In order to provide some kind of psychological grounding for Churchill’s misgivings, the script refers repeatedly to the 1915 Gallipoli campaign, which in this version he tried hard to stop (when in fact, he was very much in favour of it, and even recommended sending obsolete warships against the superior German fleet). Cue blood-tinged tides and Churchill looking sad. But it never rings true as a reason for Churchill’s behaviour within the movie itself, and despite a tremendous amount of effort by the script to convince us otherwise, it’s an argument that falls flat every time it’s mentioned. It’s as if everyone around him – including the viewer – can see the necessity of the Normandy landings, but somehow, this astute, politically and militarily aware man doesn’t get it at all. Can we really expect this to be the case, and does it make sense even within the parameters of von Tunzelmann’s alternate wartime reality?

Sadly, the answer is no, and what’s even sadder is that the movie limps along from one scene where Churchill abuses the people around him to another, and with all the dramatic flair of an episode of a reality TV show. Teplitzky offers several moments where melodrama creeps in uninvited, and others where the unlikelihood of what transpires is shocking, such as Field Marshal Montgomery (Wadham) calling Churchill a “bastard” to his face, or typist Helen Garrett (Purnell) putting a halt to Churchill’s doom and gloom predictions of untold slaughter on the Normandy beaches by mentioning her fiancé is on one of the ships taking part (this has a further, and even more unlikely payoff later when Churchill lets Helen know her fiancé is okay and that he “sends her his love” – all during the midst of the first wave of landings). All this makes Churchill an uneasy and unconvincing mix of psychological drama and wartime soap opera.

But if the level of fabrication is weirdly impressive, what is truly impressive is Cox’s portrayal of the man himself, which despite the implausibilities and repetitious nature of von Tunzelmann’s script, is an acting tour-de-force, one that magnifies the (perceived) insecurities and guilt-ridden anguish that propel Churchill on, and which saves the movie from being completely and irrevocably execrable. Cox has long wanted to play Churchill, and the wait has been worth it, even if the material itself isn’t worthy of, or a match for, his performance. He’s ably and effectively supported by Richardson who also transcends the material with her performance as the (perceived) long-suffering Clementine Churchill, the character’s exasperation at her husband’s antics something that the viewer can appreciate entirely. But two performances, even ones as good as these, can’t stop Churchill from being a facetious way to treat a story that could have been told as it happened, and far more credibly.
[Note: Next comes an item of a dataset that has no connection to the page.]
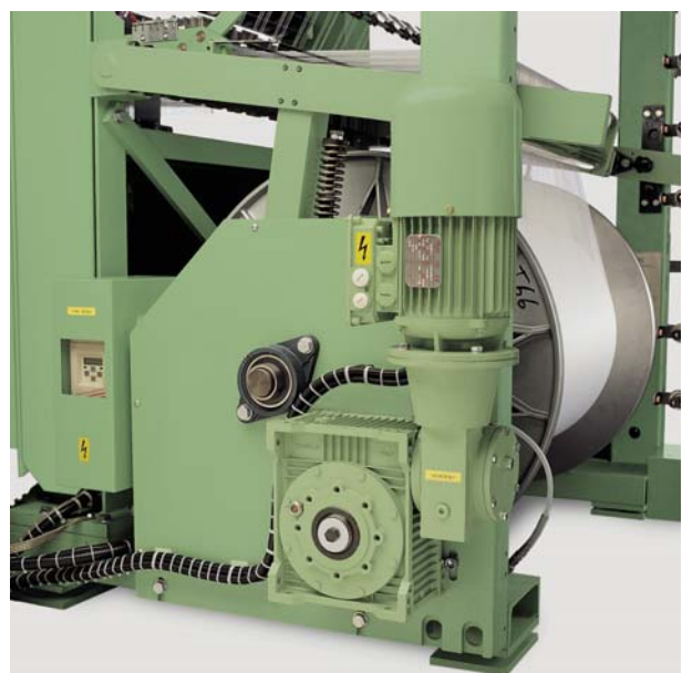
Electronic warp let-off (DIGIKAST)

Rating: 3/10 – based on a true story which here means let’s make a movie that distorts the truth (which is ironic coming from the author of Reel History: The World According to the Movies), Churchill is factually inaccurate, often insipid, slackly directed, and lacks any appreciable depth for viewers to latch onto; Cox and Richardson save the movie from being a complete disaster, and there’s reason to congratulate David Higgs for his sterling cinematography, but otherwise this is one for history buffs to avoid, and for non-history buffs to take with a huge pinch of salt.